There have been at least four lighthouses named Chennai Lighthouse (சென்னை கலங்கரை விளக்கம்) or Madras Lighthouse, which face the Bay of Bengal on the east coast of the Indian subcontinent in Chennai, India.

The current lighthouse is a landmark on the Marina Beach, which was built by the East Coast Constructions and Industries in 1976, and opened in January 1977. It also houses an office of the meteorological department. On 16 November 2013, it was reopened to visitors. It is one of the few lighthouses in the world with an elevator. It is also the only lighthouse in India within the city limits. It is powered by a solar panel.

== Location ==
The lighthouse is located on Kamarajar Salai (Beach Road) opposite the office of the Director General of Tamil Nadu Police and All India Radio's Chennai station. The lighthouse marks the end of the promenade on the northern half of the Marina Beach. It is also the junction where Kamarajar Salai, Santhome High Road and Dr. Radhakrishnan Salai meet. The lighthouse and the surrounding areas are served by the Light House MRTS station located nearby on Dr.Radhakrishnan Salai .

== History ==
By the end of the 18th century, the Madras Presidency encompassed much of south India and also Ceylon. As its capital, the city of Madras served as the nerve centre of the sea trade controlled by the British East India Company. Ships approaching the shore of Madras after nightfall faced the risk of running aground on the shoals of Covelong (Kovalam) in the south and the sand-banks of Armagaon and Pulicat in the north.

The present lighthouse is the fourth lighthouse of Chennai.
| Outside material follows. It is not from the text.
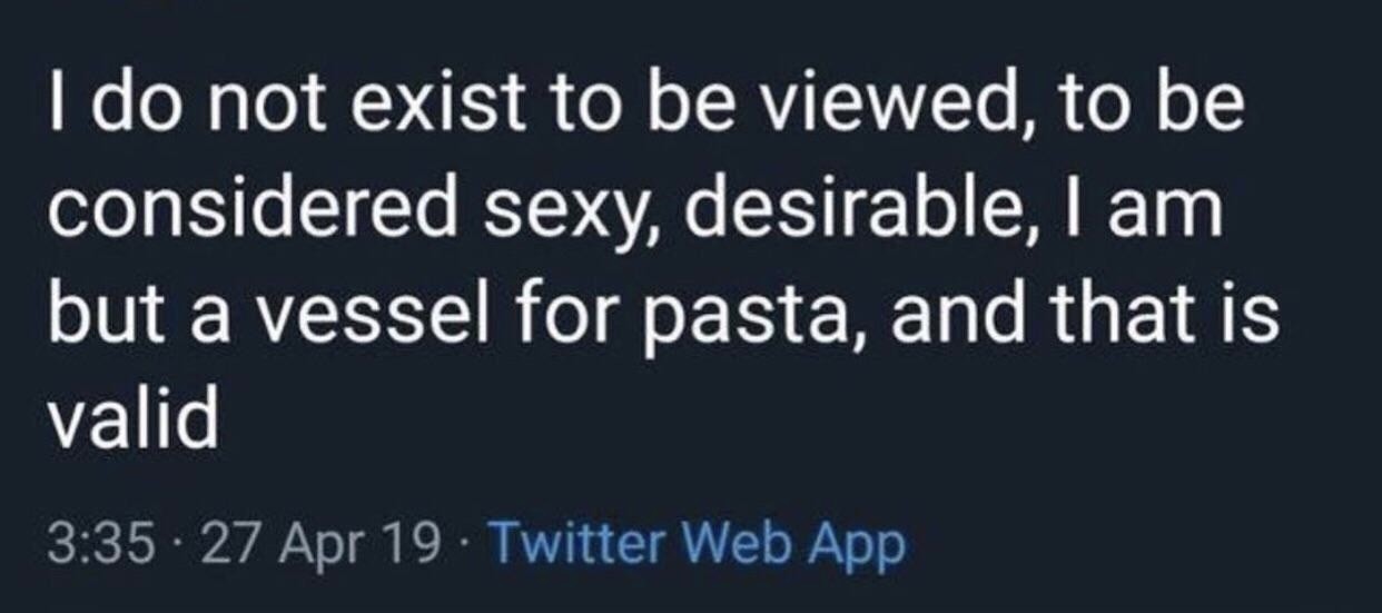 Sexy pasta deserves a sexy vessel, you miscreant!

Before the end of the 18th century, when Madras was an open seashore, where goods were loaded and unloaded from boats, bonfire lit by fisherwomen was used to guide the menfolk to the shore. The arrangement of exhibiting light to assist British East India Company's vessels arriving at Madras and to enter the port during the 17th and 18th centuries is not known since no record is available. The first conventional lighthouse was proposed in 1795, the very year when the first census of the city was taken. In February 1795, maritime officials petitioned the British government to build a lighthouse at Fort St. George to serve as a navigational aid, allowing vessels to enter the open anchorage at all times. The request was approved and the steeple of St. Mary's Church was considered as the site for the new lighthouse. However, the proposal did not materialise due to opposition from the chaplains. Hence, the terrace of the officer's mess-cum-exchange building (the present day's Fort Museum) was chosen as the location for the new lighthouse, and the first lighthouse started functioning in 1796. It used a large oil-wick lantern to aid vessels approaching the port. Situated at 99 feet above sea level, it had 12 lamps fuelled by coconut oil. Small country mirrors were used as reflectors. The beam emanating from the lamp swept the sea as far as 25 miles from the shore. Signals were exchanged with the lighthouse by merchants on the ship, who would conduct all the transactions later in the Public Exchange Hall downstairs, which served as a meeting point for brokers, merchants, and commanders of ships. The first lighthouse functioned till 1841.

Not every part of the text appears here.